Dr Marcus Noel, MD, medical oncologist at Georgetown University Lombardi Comprehensive Cancer Center, Washington, DC, USA, and principal investigator of the rESPECT trial, presented an interim update of this Phase 1 trial evaluating eryaspase in combination with mFOLFIRINOX, a fluoropyrimidine- and irinotecan-based chemotherapy regimen, as first-line treatment for advanced pancreatic cancer.

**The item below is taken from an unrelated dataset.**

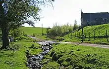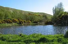 Kilham stands on the south bank of the Bowmont Water in Glendale, at the mouth of Kilham Burn. Settlement is limited to dispersed farmsteads and small hamlets, of which Kilham is the largest.[29] Glendale has a clearly defined valley floor and pronounced raised terraces. The area is relatively well wooded, with both coniferous plantations and broadleaved woodland on the surrounding hills, and areas of alder woodland and pollarded willow along the valley floor.[30] The river forms part of the River Tweed Site of Special Scientific Interest, designated in 2001 due to its biological interest, and the River Tweed Special Area of Conservation, designated under the European Habitats Directive for the biological interest within the river system.[31]

To date, eleven patients have been enrolled with a mean age of 68. Three patients were enrolled at a dose level of 75 U/kg and eight at a dose level of 100 U/kg. The novel combination of mFOLFIRINOX plus eryaspase was well tolerated and no dose limiting toxicity (DLT) was observed. The maximum tolerated dose (MTD) has been declared with 5-FU 2400 mg/m2, Oxaliplatin 85 mg/m2, Irinotecan 150 mg/m2 and eryaspase 100 units/kg.

Among ten patients with imaging available to evaluate response, 5 (50%) had partial response (PR) and 5 (50%) had stable disease (SD), corresponding to a disease control rate (PR + SD) of 100%. One patient with locally advanced disease became eligible for resection after receiving therapy.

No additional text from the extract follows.